Thanks guys.  I knew I was to close to the flame but I wanted to try to keep it as low as possible so I could conserve space.  Overall my smoker isn't that big especially when smoking 3-4 racks of spares.  The aluminum disposable pan is what I usually use for water and to catch drippings.  I just wanted to see if someone maybe had a new idea on how to keep it low but have it still work.  I know people use this in other vertical propane smokers so I wanted to see if someone had a great idea that I wasn't thinking of.  Todd do you think if I put it in a pan that the amnps will still get enough air or it shouldn't be a problem?  I do have another firebrick and might try that but those things are so heavy.  I am not sure if I want to trust that pan to hold two.  Anyways if someone has another idea please let me know.  I am still thinking about this and hopefully can come up with something.  Thanks again.


----------



## chef jimmyj (Nov 14, 2011)

I'm thinking Air is a better insulator than Metal or Brick, even two bricks will heat up eventually and ignite the Amnps. Try raising the Amnps up off the pan it's in, 3-4 inches,  with a  Roasting Rack that will fit in chip pan, or maybe just a Bakers cooling rack layed across the chip pan, it will give at least 1 1/2" of clearance...JJ


----------



## Bearcarver (Nov 14, 2011)

How much room is between the flame & the left interior wall?
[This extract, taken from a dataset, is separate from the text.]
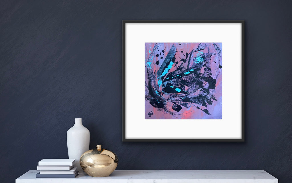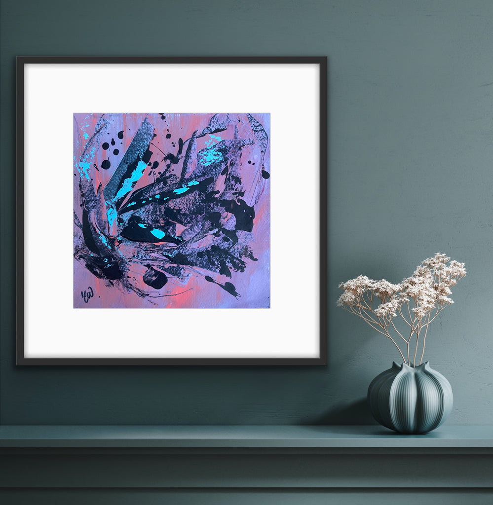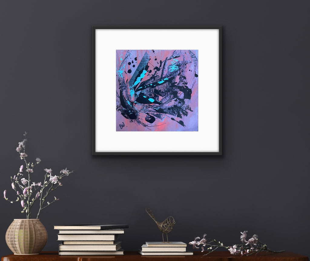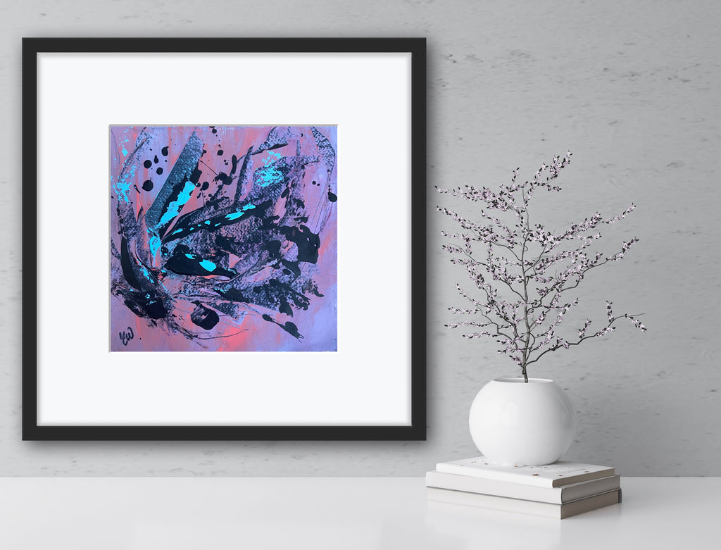 Thrilled is a beautiful and energetic abstract painting. Frames not included. 20 x 20 cm. Acrylic on paper. Requires framing. No returns on original artworks so please choose carefully.

Enough to get the AMNPS in there, with a piece of metal standing up between the two???

Probably not, but just an idea, since heat rises.

Bear


----------



## tank (Nov 14, 2011)

There isn't enough room for that.  What I have been thinking about is putting the brick on its side then putting the lid from the original wood box from the brick to the rail on the side.  Then simply put the amnps on that.  Again not sure if it would get to hot but I that is all I can think of right now.
 


Bearcarver said:


> How much room is between the flame & the left interior wall?
> 
> Enough to get the AMNPS in there, with a piece of metal standing up between the two???
> 
> ...


----------



## Bearcarver (Nov 14, 2011)

Tank said:


> There isn't enough room for that.  What I have been thinking about is putting the brick on its side then putting the lid from the original wood box from the brick to the rail on the side.  Then simply put the amnps on that.  Again not sure if it would get to hot but I that is all I can think of right now.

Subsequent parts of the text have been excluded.